● Supplied records:
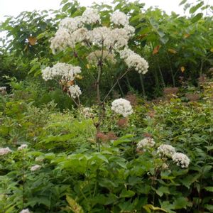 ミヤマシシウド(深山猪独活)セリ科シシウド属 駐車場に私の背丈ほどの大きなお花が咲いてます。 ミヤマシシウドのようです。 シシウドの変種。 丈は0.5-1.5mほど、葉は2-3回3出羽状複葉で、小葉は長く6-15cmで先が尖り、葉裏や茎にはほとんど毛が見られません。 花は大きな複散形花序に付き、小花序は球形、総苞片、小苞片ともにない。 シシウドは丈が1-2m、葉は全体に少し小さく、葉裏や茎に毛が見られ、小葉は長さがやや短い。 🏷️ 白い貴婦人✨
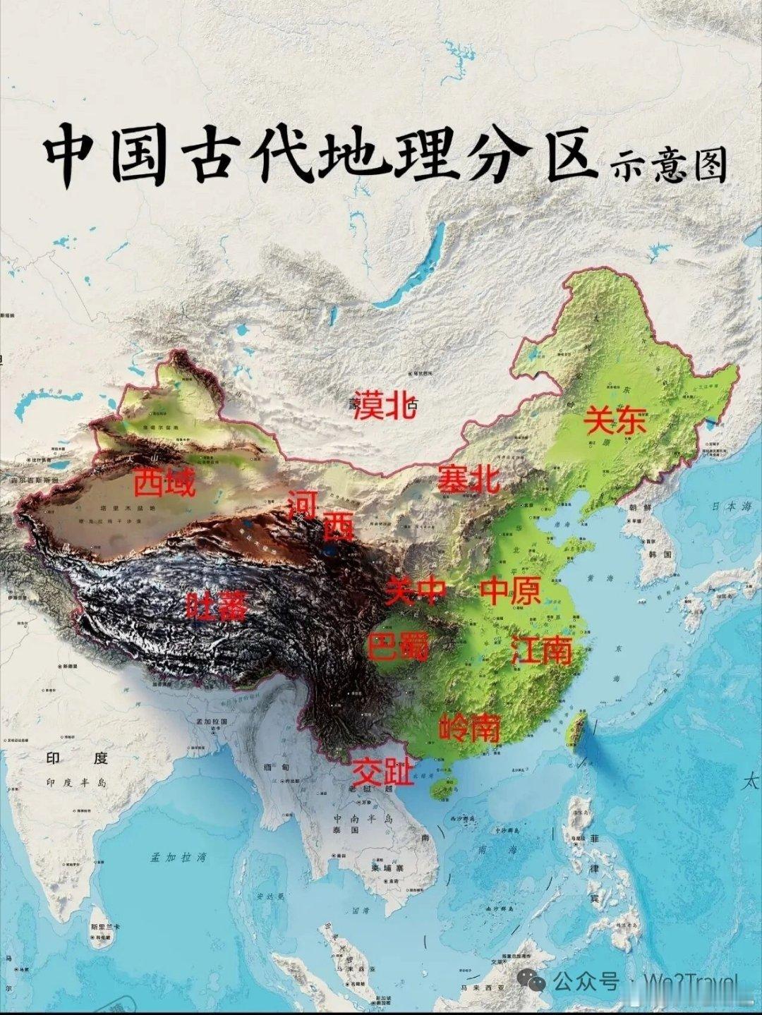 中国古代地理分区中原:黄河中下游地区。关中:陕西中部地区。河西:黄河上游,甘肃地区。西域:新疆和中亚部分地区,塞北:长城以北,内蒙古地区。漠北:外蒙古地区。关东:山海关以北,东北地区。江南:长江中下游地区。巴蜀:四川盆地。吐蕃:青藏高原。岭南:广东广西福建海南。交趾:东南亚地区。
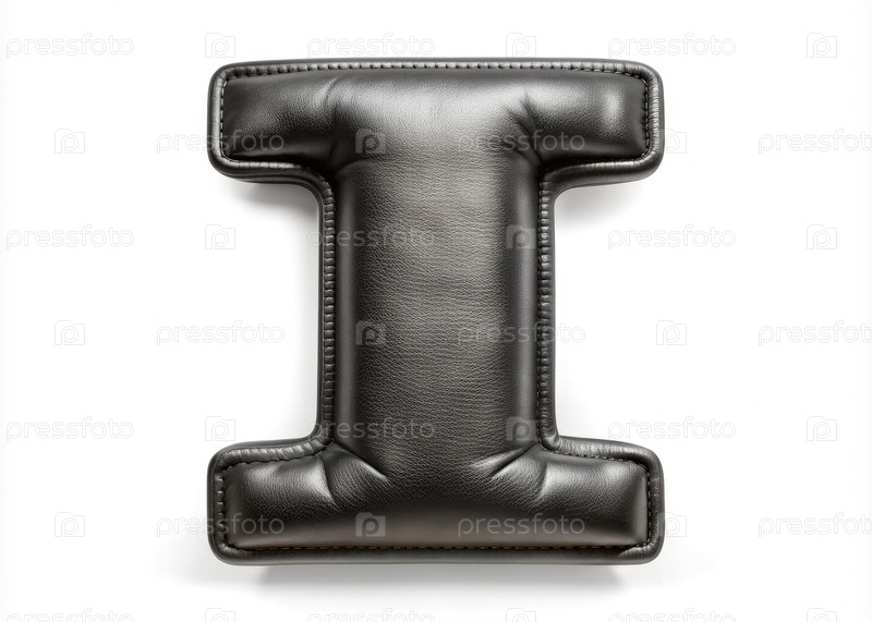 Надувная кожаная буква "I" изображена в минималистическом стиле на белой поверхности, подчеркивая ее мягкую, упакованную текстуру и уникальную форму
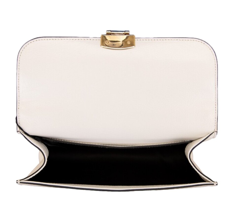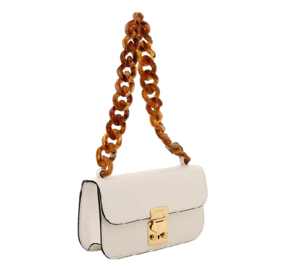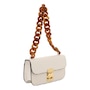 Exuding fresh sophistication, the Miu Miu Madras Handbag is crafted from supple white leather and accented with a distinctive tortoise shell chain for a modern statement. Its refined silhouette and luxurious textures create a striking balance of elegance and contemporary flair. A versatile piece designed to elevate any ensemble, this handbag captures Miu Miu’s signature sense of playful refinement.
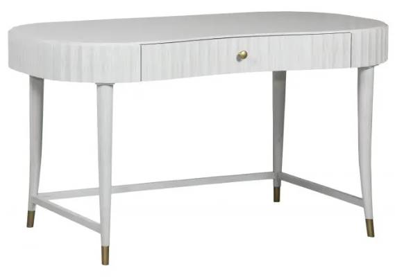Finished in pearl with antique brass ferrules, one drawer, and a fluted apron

● Directions for this task:
Set down again, exactly, the lines of the material above from its first line to the one with "Надувная кожаная буква", inclusive. Leave the pictures out.

● Written answer:
 ミヤマシシウド(深山猪独活)セリ科シシウド属 駐車場に私の背丈ほどの大きなお花が咲いてます。 ミヤマシシウドのようです。 シシウドの変種。 丈は0.5-1.5mほど、葉は2-3回3出羽状複葉で、小葉は長く6-15cmで先が尖り、葉裏や茎にはほとんど毛が見られません。 花は大きな複散形花序に付き、小花序は球形、総苞片、小苞片ともにない。 シシウドは丈が1-2m、葉は全体に少し小さく、葉裏や茎に毛が見られ、小葉は長さがやや短い。 🏷️ 白い貴婦人✨
 中国古代地理分区中原:黄河中下游地区。关中:陕西中部地区。河西:黄河上游,甘肃地区。西域:新疆和中亚部分地区,塞北:长城以北,内蒙古地区。漠北:外蒙古地区。关东:山海关以北,东北地区。江南:长江中下游地区。巴蜀:四川盆地。吐蕃:青藏高原。岭南:广东广西福建海南。交趾:东南亚地区。
 Надувная кожаная буква "I" изображена в минималистическом стиле на белой поверхности, подчеркивая ее мягкую, упакованную текстуру и уникальную форму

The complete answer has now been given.